"Unicorn" is a term used in the venture capital industry to describe a privately held startup company with a value of over $1 billion (kaggle.com).
Assume that you have the dataset file (unicorns2021.txt) of the startups having the unicorn status in 2021. Each row (line) of this dataset represents information regarding a specific startup.
There are seven (7) different information in each line, each separated by a semicolon character (';'):
Company: Name of the startup company
Valuation: Valuation of the company in billion dollars ($ sign appears in the beginning of each record)
Date joined: The date at which company started working
Country: Country where the company resides
City: City of origin for the company.
Industry: Industry that the company belongs to
Investors: People who have invested into that company.
How would you find and display the average valuation of the companies that originated from a user-provided city?
Please note that you cannot make any assumptions on the number of lines in the given dataset.
Hint: After splitting the entire line, you can access the city name using line[4]
since it is located in the fourth position, considering that Python uses zero-based indexing. Similarly, to retrieve the valuation, you use int(line[1][1:])
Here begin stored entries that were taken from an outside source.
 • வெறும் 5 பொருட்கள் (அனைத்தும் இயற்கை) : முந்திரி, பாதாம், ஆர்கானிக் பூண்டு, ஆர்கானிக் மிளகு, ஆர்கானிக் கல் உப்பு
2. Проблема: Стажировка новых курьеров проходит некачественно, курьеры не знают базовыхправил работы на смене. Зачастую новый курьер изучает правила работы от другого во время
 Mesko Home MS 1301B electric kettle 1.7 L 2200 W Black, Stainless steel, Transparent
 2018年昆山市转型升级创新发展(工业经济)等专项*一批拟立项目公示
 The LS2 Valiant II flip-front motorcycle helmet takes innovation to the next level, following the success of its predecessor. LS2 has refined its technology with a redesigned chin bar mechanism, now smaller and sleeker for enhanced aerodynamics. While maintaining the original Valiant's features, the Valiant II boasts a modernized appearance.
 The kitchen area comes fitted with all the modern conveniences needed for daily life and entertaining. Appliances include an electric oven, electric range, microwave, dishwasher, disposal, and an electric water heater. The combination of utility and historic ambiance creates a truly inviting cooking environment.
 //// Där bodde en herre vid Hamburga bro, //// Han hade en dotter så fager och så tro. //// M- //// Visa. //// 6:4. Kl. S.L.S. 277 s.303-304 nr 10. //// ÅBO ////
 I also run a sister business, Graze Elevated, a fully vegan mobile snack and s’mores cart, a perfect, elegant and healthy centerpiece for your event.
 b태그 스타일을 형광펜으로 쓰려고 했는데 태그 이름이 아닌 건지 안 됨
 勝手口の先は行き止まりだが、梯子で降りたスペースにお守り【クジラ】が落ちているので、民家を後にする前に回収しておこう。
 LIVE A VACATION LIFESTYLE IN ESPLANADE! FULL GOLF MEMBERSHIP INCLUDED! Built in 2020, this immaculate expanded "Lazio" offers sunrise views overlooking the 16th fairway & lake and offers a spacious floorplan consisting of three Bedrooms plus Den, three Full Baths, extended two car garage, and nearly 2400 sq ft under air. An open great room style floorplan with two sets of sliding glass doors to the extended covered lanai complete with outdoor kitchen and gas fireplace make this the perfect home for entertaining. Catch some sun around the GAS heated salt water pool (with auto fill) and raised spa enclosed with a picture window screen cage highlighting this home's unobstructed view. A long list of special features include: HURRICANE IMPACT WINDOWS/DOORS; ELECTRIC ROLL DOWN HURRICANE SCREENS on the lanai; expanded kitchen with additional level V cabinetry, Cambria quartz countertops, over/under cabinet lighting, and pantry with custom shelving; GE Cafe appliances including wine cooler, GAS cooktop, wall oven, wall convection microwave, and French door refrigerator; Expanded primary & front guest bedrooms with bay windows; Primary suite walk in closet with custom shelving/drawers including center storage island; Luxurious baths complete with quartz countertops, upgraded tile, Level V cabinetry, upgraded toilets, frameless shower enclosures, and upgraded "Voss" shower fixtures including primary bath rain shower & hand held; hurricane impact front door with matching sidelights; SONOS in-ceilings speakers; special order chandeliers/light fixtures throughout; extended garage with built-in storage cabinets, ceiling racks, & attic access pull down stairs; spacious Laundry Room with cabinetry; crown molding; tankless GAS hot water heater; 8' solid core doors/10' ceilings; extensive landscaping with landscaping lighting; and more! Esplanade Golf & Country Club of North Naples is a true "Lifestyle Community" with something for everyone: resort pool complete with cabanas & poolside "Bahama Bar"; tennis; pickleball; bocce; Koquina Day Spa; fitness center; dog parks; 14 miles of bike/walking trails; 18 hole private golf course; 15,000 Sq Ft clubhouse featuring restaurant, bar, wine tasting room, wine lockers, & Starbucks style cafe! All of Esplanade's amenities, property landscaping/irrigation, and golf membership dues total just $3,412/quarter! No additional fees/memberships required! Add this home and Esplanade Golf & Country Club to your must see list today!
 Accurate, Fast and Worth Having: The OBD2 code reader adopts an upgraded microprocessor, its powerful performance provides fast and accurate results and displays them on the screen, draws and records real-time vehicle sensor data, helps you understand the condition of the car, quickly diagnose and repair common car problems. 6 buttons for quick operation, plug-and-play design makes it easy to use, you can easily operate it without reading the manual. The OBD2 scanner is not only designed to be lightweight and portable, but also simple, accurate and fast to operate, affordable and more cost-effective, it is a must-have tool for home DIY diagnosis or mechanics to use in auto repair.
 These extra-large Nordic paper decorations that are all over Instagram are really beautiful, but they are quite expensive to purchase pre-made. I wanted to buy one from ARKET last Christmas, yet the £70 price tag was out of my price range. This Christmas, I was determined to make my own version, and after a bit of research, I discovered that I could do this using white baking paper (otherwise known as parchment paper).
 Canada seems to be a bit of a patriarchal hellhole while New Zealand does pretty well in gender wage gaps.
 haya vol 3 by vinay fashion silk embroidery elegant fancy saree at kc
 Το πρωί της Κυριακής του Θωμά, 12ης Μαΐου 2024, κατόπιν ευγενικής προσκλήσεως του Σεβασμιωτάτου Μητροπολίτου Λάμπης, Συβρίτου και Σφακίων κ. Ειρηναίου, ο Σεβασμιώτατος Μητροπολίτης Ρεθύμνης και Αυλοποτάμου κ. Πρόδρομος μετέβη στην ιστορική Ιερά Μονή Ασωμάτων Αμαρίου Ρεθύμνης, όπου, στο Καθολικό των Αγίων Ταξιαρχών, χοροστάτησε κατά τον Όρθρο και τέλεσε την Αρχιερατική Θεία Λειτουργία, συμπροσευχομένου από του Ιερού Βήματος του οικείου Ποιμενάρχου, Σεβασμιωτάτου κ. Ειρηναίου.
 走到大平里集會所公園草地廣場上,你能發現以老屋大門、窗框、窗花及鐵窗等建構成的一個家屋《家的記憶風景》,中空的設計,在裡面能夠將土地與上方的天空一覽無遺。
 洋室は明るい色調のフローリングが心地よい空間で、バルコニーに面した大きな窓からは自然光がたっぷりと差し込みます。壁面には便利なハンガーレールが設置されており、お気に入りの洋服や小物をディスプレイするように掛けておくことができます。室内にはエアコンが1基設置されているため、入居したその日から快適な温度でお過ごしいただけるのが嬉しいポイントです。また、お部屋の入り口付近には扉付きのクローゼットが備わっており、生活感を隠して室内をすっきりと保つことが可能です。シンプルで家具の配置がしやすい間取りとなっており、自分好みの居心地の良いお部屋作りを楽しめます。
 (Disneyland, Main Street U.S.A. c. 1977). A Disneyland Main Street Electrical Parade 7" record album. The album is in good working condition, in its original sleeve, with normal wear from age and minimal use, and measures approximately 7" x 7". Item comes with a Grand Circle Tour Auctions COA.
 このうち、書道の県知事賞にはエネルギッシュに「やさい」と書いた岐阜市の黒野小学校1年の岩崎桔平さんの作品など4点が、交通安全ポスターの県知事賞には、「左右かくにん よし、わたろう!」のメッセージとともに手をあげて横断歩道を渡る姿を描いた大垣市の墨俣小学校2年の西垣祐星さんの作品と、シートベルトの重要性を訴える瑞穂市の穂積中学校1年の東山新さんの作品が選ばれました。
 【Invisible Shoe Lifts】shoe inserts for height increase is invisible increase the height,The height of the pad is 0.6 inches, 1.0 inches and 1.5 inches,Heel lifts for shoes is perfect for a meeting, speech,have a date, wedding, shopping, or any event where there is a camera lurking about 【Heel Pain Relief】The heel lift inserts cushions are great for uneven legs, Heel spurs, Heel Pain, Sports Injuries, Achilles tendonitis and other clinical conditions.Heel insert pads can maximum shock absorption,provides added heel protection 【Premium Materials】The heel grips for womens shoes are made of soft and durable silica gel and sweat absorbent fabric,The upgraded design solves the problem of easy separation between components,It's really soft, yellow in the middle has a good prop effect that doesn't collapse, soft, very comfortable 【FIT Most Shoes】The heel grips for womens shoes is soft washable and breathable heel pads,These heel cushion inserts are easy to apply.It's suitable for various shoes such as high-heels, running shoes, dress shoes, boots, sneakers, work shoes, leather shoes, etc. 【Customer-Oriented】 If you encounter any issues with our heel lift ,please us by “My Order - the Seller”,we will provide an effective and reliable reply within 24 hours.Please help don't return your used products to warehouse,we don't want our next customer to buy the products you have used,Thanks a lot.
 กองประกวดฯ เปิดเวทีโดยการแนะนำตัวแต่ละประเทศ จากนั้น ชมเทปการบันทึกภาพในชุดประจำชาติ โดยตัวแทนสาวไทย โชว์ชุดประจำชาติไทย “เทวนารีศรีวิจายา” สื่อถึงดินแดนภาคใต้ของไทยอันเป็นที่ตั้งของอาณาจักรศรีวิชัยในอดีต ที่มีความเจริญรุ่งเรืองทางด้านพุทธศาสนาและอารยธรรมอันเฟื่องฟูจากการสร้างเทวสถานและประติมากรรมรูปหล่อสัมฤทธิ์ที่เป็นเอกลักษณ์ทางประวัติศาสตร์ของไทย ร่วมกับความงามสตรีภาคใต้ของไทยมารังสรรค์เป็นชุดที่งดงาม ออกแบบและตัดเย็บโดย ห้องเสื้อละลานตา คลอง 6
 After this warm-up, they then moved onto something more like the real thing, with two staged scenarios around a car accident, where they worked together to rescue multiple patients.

, which involves converting the second element of the split line to an integer. The notation [1][1:]
is used to extract a portion of the string, excluding the first character.
Pseudo code:
Retrieve a city name from the user, then read the related document named 'unicorns2021.txt.' Initialize temporary variables, 'linecounter' and 'valuation' both set to zero.
Perform a for loop to iterate through all the lines in the document.
Identify lines that contain the specified city name.
Retrieve the valuation values associated with the identified city.
Add each valuation to the cumulative total. Increase 'linecounter' by 1 for each relevant line encountered.
Calculate the average by dividing the total valuation by 'linecounter.'"